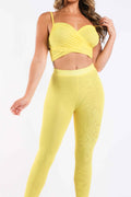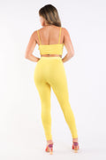 Mesh Contrast Sets Casual Sports Strappy Sleeve Top & Leggings YELLOW
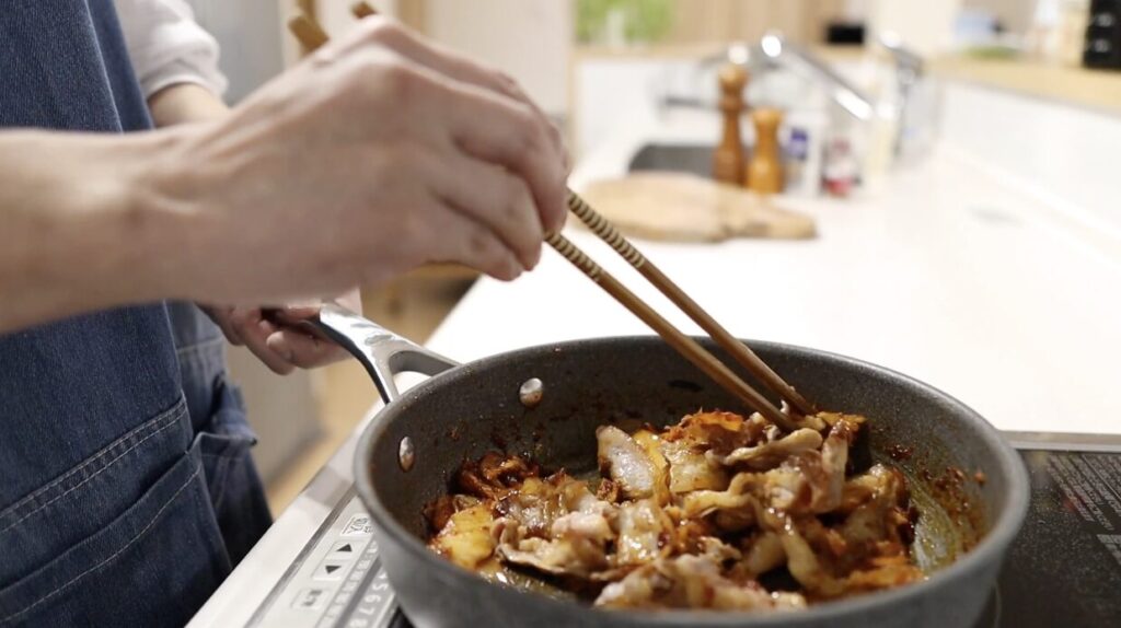 ⑤焼き目をつけた豚バラ肉を戻し入れ、キムチとよく混ぜ合わせます
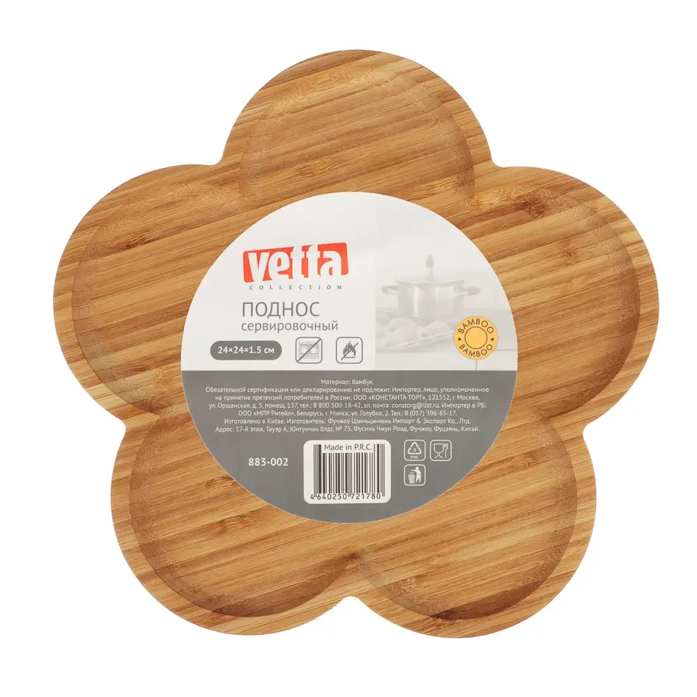 Поднос сервировочный VETTA изготовлен из качественного и экологически чистого материала - бамбука. В обычный день он станет романтическим украшением кухонного интерьера. Но как только нужно преподнести гостям кофе и закуски, поднос станет главным организатором красивой подачи блюд. Размер подноса составляет 24x24x1,5 см, и он имеет оригинальную форму пятилистника, что привносит особый шарм в сервировку блюд.
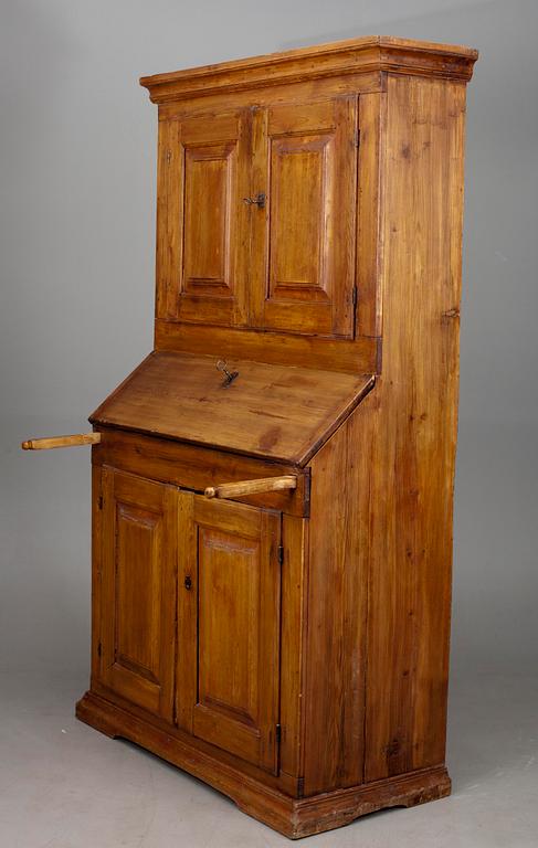 Två dörrpar, på insidan hyllplan, snedställd skiva med fackinredning. L 111, b 54 (+31 klaff) h 201. Nyckel finns.
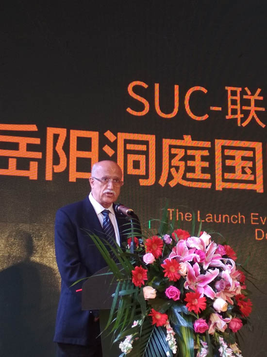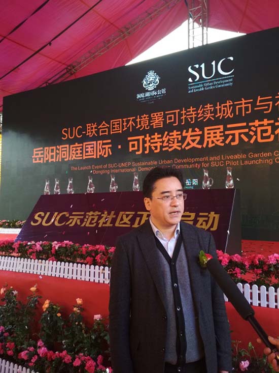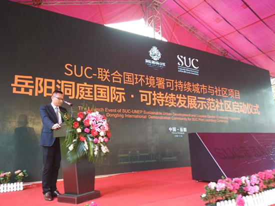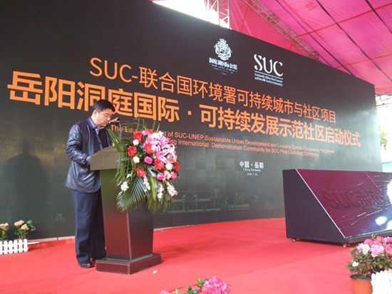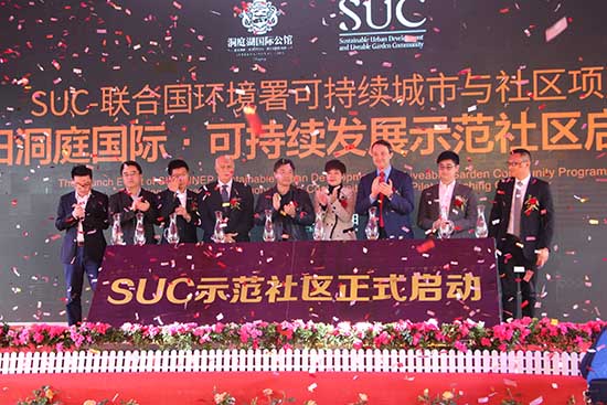 “可持续城市与社区项目”(即“SUC项目”)是联合国系统的官方合作项目,2009年由联合国环境署与佳粹环境签署备忘录,2015年由SUC项目管理中心与联合国环境署共同启动,致力为中国及发展中国家编制“可持续城市与社区标准”、“搭建可持续发展国际合作平台与智库”、在华率先建设“可持续发展示范城市与社区”全球样板,并在发展中国家全面复制、推广。联合国人居署、联合国可持续发展办公厅、国际能源署及国内外数十个机构先后加入项目合作、标准编制工作。2018年2月11日,联合国第九届世界城市论坛正式发布首批城市与社区示范,岳阳洞庭湖国际公馆成为全球首批“SUC可持续发展国际示范社区”。 25日上午,“岳阳洞庭国际·SUC国际可持续发展示范社区启动仪式”在项目营销中心隆重举行,SUC联合国专家组及SUC项目组成员、岳阳市政府、南湖新区工委(管委会)的领导专家以及数十家媒体代表出席。活动包括“嘉宾致辞、标准解读、启动仪式、媒体采访”四大环节。Arab Hoballah,岳阳市政府副秘书长周金龙先生,岳阳市南湖新区管委会工委副书记、管委会主任雷欣女士,南湖新区工委委员、管委会副主任苏正明先生,南湖新区工委委员、政法委书记张朝东先生、洞庭国际项目总经理曹文分别致辞。Arab Hoballah表示:“我相信,通过未来3年的营造,洞庭湖国际公馆将跻身国际一流水平,引领全球可持续社区的发展。不久的将来,人们还将意识到它对推动岳阳乃至中国城市与社区可持续发展建设的积极意义。”他还表示,未来非常乐意将洞庭湖国际公馆的优秀范例在全球推广,包括推向“一带一路”沿线发展中国家。 Robert Earley对《SUC可持续社区标准》进行了详细解读,这是继该标准在吉隆坡第九届世界城市论坛之后,在中国的首次全面讲解。据介绍,《SUC可持续社区标准》是基于《联合国2030可持续发展议程》的目标、由联合国环境署牵头,联合国人居署及国内外各相关机构参编而完成的发展中国家可持续城市与社区建设的全新国际化标准,近期将全部编制完成并计划上半年全面发布。
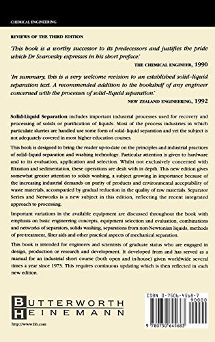 Solid Liquid Separation includes important industrial processes used for recovery and processing of solids or purification of liquids. Most of the process industries in which particulate slurries are handled use some form of solid-liquid separation and yet the subject is not adequately covered in most higher education courses. This book is designed to bring the readers up-to-date on the principles and industrial practices of solid-liquid separation and washing technology. Particular attention is given to hardware and to its evaluation, application and selection. Whilst not exclusively concerned with filtration and sedimentation, these operations will be dealt with in depth. Important variations in the available equipment will be discussed throughout the book with emphasis on basic engineering concepts, equipment selection and evaluation, solids washing, methods of pre-treatment, filter aids and other practical aspects of mechanical separation. This book is intended for engineers and scientists of graduate status who are engaged in design, production for research and development. This book is designed to bring the readers up-to-date on the principles and industrial practices of solid-liquid separation and washing technology. Particular attention is given to hardware and to its evaluation, application and selection. Whilst not exclusively concerned with filtration and sedimentation, these operations are dealt with in depth. Important variations in the available equipment are discussed throughout the book with emphasis on basic engineering concepts, equipment selection and evaluation, solids washing, methods of pre-treatment, filter aids and other practical aspects of mechanical separation. This book is intended for engineers and scientists of graduate status who are engaged in design, production for research and development. Author is the top of his field, and knows well all the latest advances in his subject area Fourth edition of a title which is respected and admired in the world of Chemical Engineering Updated and revised to match the developments in the industry
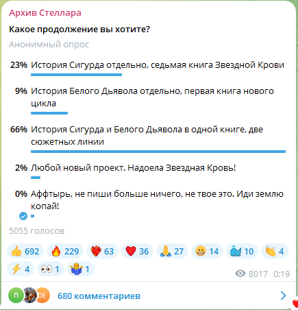 Проголосовало более 5000 человек, это всего лишь четверть следящих за подпиской на разных порталах, но самая активная часть аудитории, поэтому итоги можно считать репрезентативными. Проголосуй даже все читатели, (что из области фантастики) пропорция бы не сильно изменилась.
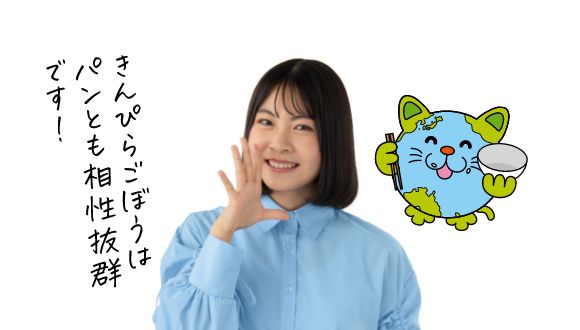 - ③1に2ときんぴらごぼう、スライスチーズを挟む。
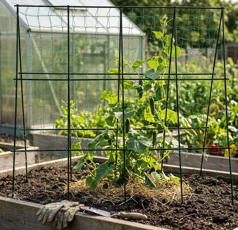 Mreža za kumare s strukturo, 1,2×1,2m | Strend Pro je praktična opora za gojenje kumar in drugih vzpenjavk. Zagotavlja boljše prezračevanje rasti, lažje obiranje in čistejše plodove brez stika s tlemi. Trden okvir v kombinaciji z mrežo omogoča rastlinam, da rastejo navpično, kar prihrani prostor, izboljša dostop do plodov in spodbuja zdravo rast.
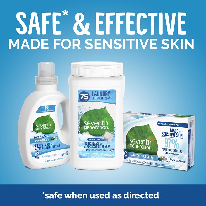 Seventh Generation Dryer Sheets Laundry Fabric Softener, Free & Clear Made for Sensitive Skin, 80 Sheets
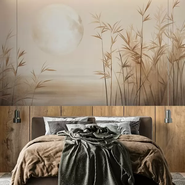 Fotomurales Paisaje texturizado con altos juncos, lago y luna pálida en un cielo brumoso. Nr. w09631
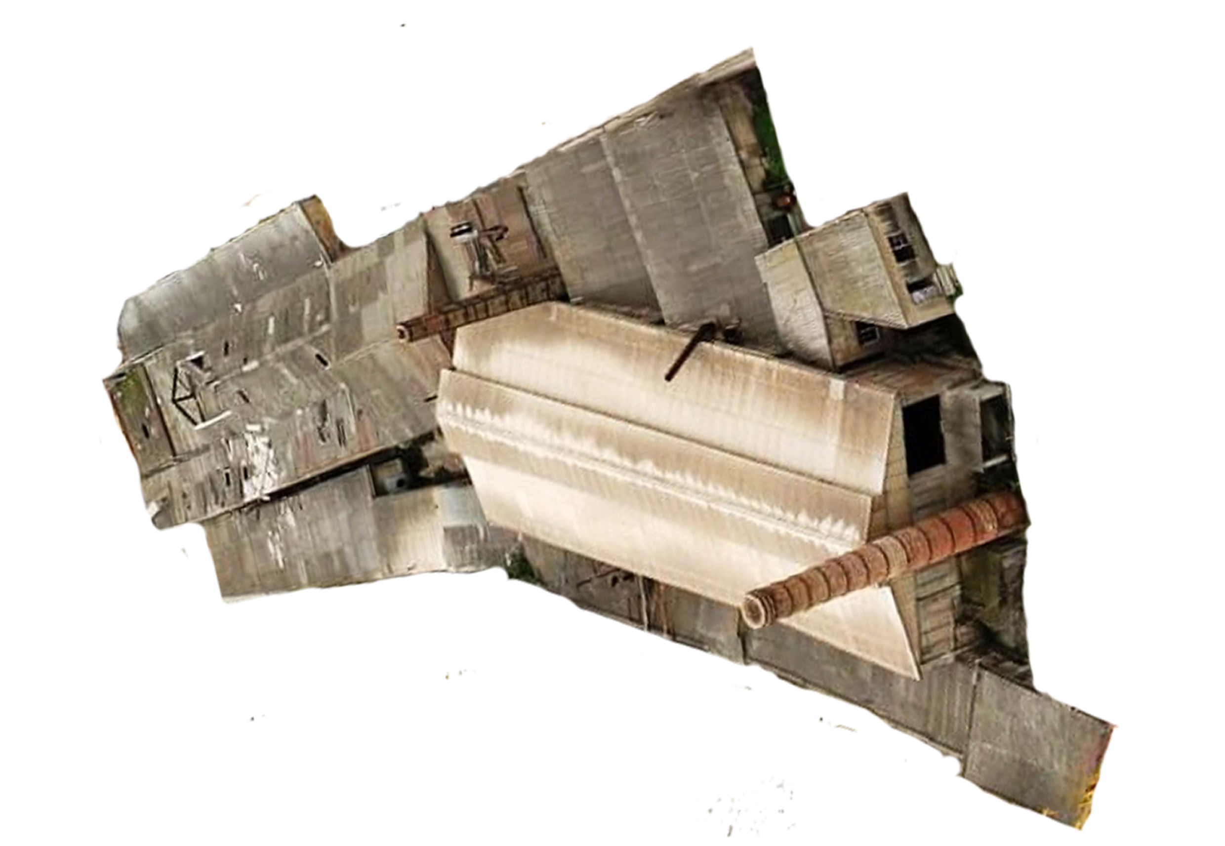 En aquesta imatge de les taulades de la fàbrica veiem com la seva estructura correspon al plànol anterior.

What to produce - Where the line containing "Mreža za kumare" appears in the entries above, start there and set down every line exactly through the last one, inclusive; omit pictures.

Answer box -
 Mreža za kumare s strukturo, 1,2×1,2m | Strend Pro je praktična opora za gojenje kumar in drugih vzpenjavk. Zagotavlja boljše prezračevanje rasti, lažje obiranje in čistejše plodove brez stika s tlemi. Trden okvir v kombinaciji z mrežo omogoča rastlinam, da rastejo navpično, kar prihrani prostor, izboljša dostop do plodov in spodbuja zdravo rast.
 Seventh Generation Dryer Sheets Laundry Fabric Softener, Free & Clear Made for Sensitive Skin, 80 Sheets
 Fotomurales Paisaje texturizado con altos juncos, lago y luna pálida en un cielo brumoso. Nr. w09631
 En aquesta imatge de les taulades de la fàbrica veiem com la seva estructura correspon al plànol anterior.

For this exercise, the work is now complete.